* [DATASET CONTENT]

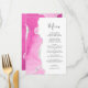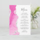 The left-hand edge of this elegant modern wedding menu features a pink watercolor agate border trimmed with faux silver foil. The customizable text combines handwriting script and copperplate fonts in charcoal gray on a white background. The reverse side features a matching pink and silver agate design.
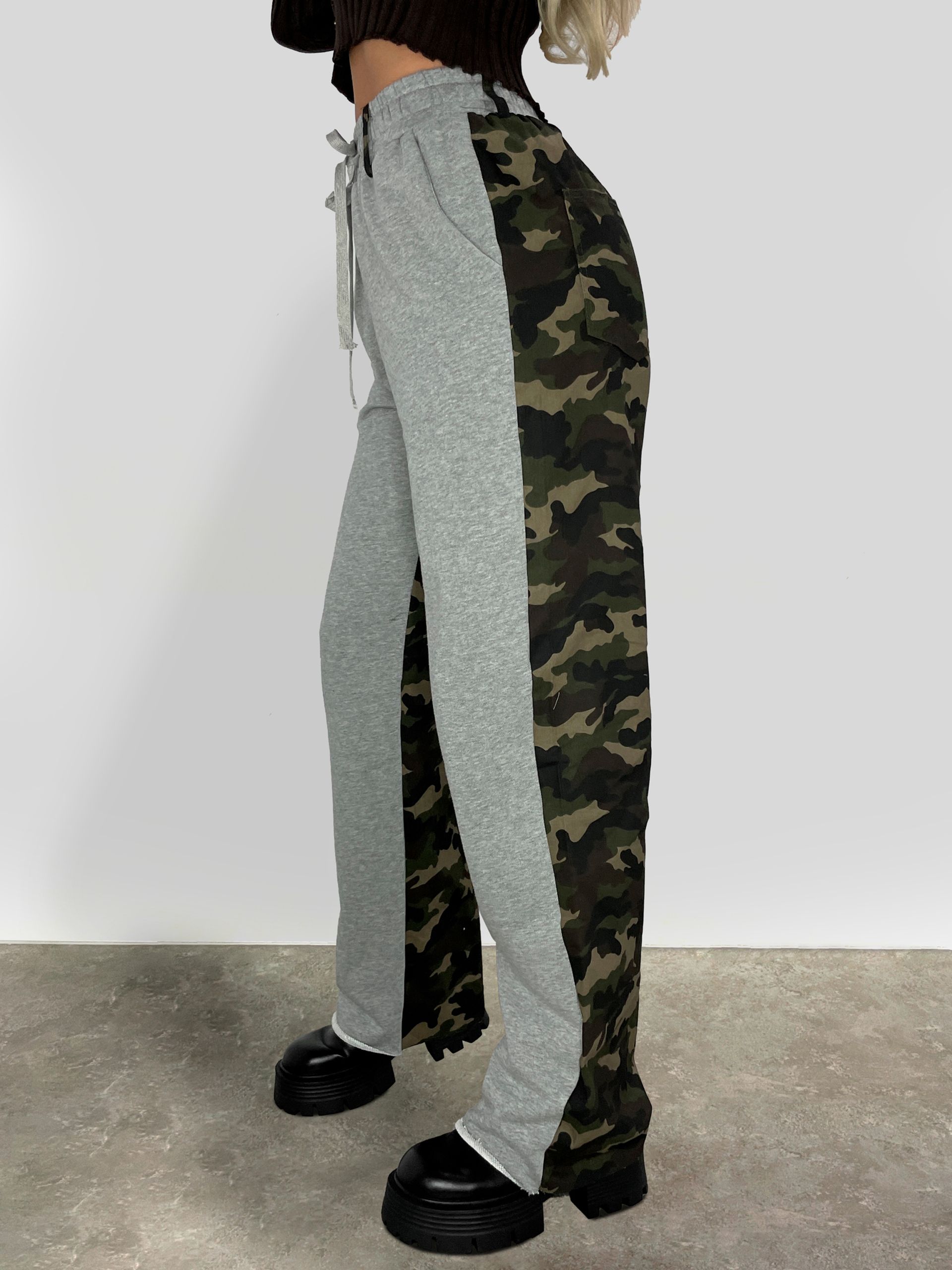 Особенность модели – двухцветные камуфляжные брюки с резинкой на талии с завязкой на шнурок, который можно затянуть по фигуре, и шлевки под ремень, что дает возможность носить эти спортивные брюки вместе с ремнем.
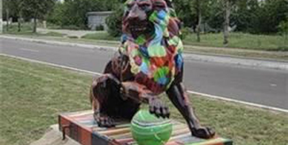 В Луганске на улице Буденного установили памятник "Писанковый лев", расписанный яркими красками, наподобие пасхального яйца
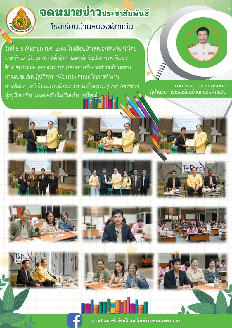 1 | วันที่ 5-6 กันยายน พ.ศ. 2568 โรงเรียนบ้านหนองผักแว่น นำโดย นายวัชระ ภิรมย์ไกรภักดิ์ นำคณะครูเข้าร่วมโครงการพัฒนาข้าราชการและบุคลากรทางการศึกษาเครือข่ายตำบลบ้านเพชร การอบรมเชิงปฏิบัติการ “พัฒนาสมรรถนะในการทำงาน การพัฒนาการใช้ และการเขียนรายงานนวัตกรรม (Best Practice) สู่ครูมืออาชีพ ณ เดอะเปียโน รีสอร์ท เขาใหญ่ |

* [TASK TO CARRY OUT]
The answer should be an exact copy of the material, with its pictures removed.

* [TASK ANSWER]
 The left-hand edge of this elegant modern wedding menu features a pink watercolor agate border trimmed with faux silver foil. The customizable text combines handwriting script and copperplate fonts in charcoal gray on a white background. The reverse side features a matching pink and silver agate design.
 Особенность модели – двухцветные камуфляжные брюки с резинкой на талии с завязкой на шнурок, который можно затянуть по фигуре, и шлевки под ремень, что дает возможность носить эти спортивные брюки вместе с ремнем.
 В Луганске на улице Буденного установили памятник "Писанковый лев", расписанный яркими красками, наподобие пасхального яйца
 1 | วันที่ 5-6 กันยายน พ.ศ. 2568 โรงเรียนบ้านหนองผักแว่น นำโดย นายวัชระ ภิรมย์ไกรภักดิ์ นำคณะครูเข้าร่วมโครงการพัฒนาข้าราชการและบุคลากรทางการศึกษาเครือข่ายตำบลบ้านเพชร การอบรมเชิงปฏิบัติการ “พัฒนาสมรรถนะในการทำงาน การพัฒนาการใช้ และการเขียนรายงานนวัตกรรม (Best Practice) สู่ครูมืออาชีพ ณ เดอะเปียโน รีสอร์ท เขาใหญ่ |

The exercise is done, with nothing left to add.